The Social Security Administration (SSA) is responsible for making correct and timely payments to individuals entitled to benefits under social insurance and welfare programs and for providing support functions for the medicare program. These programs generate millions of records on workers and beneficiaries that are maintained in automated data banks and files.
The GAO found that personal files within the data system contain valuable private information that is necessary to support present and future social security benefits. SSA uses a vast computerized telecommunications network to process its workload and to handle inquiries from the public. The telecommunications system contained certain security weaknesses: the ability to create as well as query beneficiary files from most terminals, failure to use audit trail features within the system, failure to always lock terminals during nonworking hours, and unlimited unrestricted access to terminals.
Files containing personal data on beneficiaries such as earnings records, financial status, and medical evaluations were not being properly safeguarded from potential loss, destruction, abuse, or misuse. SSA had not issued guidelines or criteria for establishing physical security measures at field offices and had not determined if adequate security was provided in the handling of information by States in administering welfare programs and by insurance companies in administering medicare.

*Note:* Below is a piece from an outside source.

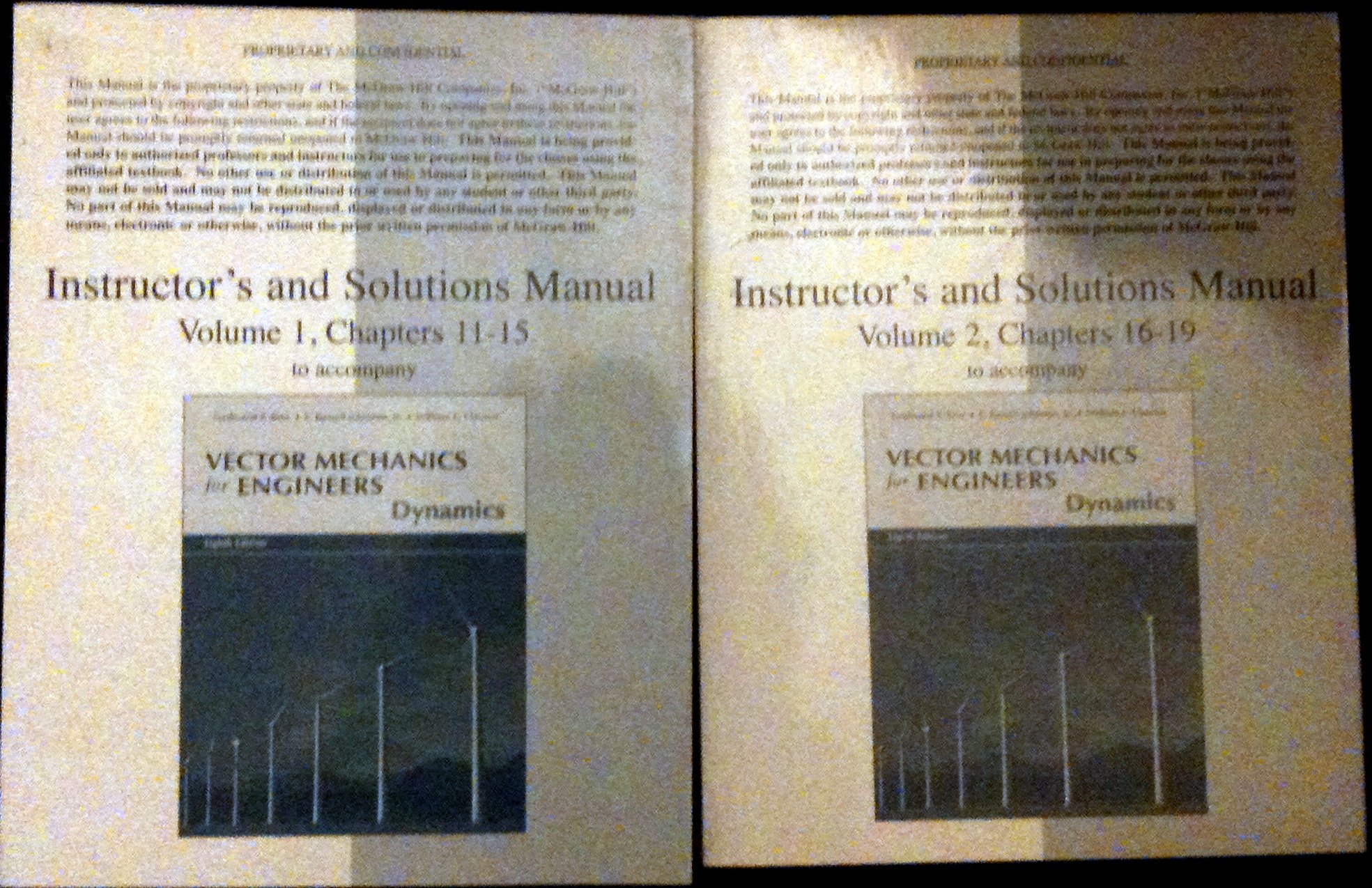 Instructor's and Solutions Manual Volume 1, Chapters 11-15 to accompany Vector Mechanics for Engineers Dynamics 8th this is the solution of vector dynamics book. problems are mostly the same as new edd. they change edition but dont change the problems entirely. 98% problems are still the same !

The GAO recommended that the Secretary of Health, Education, and Welfare direct the Commissioner of the SSA to correct weaknesses in the telecommunications network and continue to pursue an active security program to assure Congress, the public, and beneficiaries that records are properly safeguarded. In this effort, the Secretary should conduct a risk analysis to determine how best to correct physical security weaknesses, including measures which will achieve a balance between good service to beneficiaries and good security.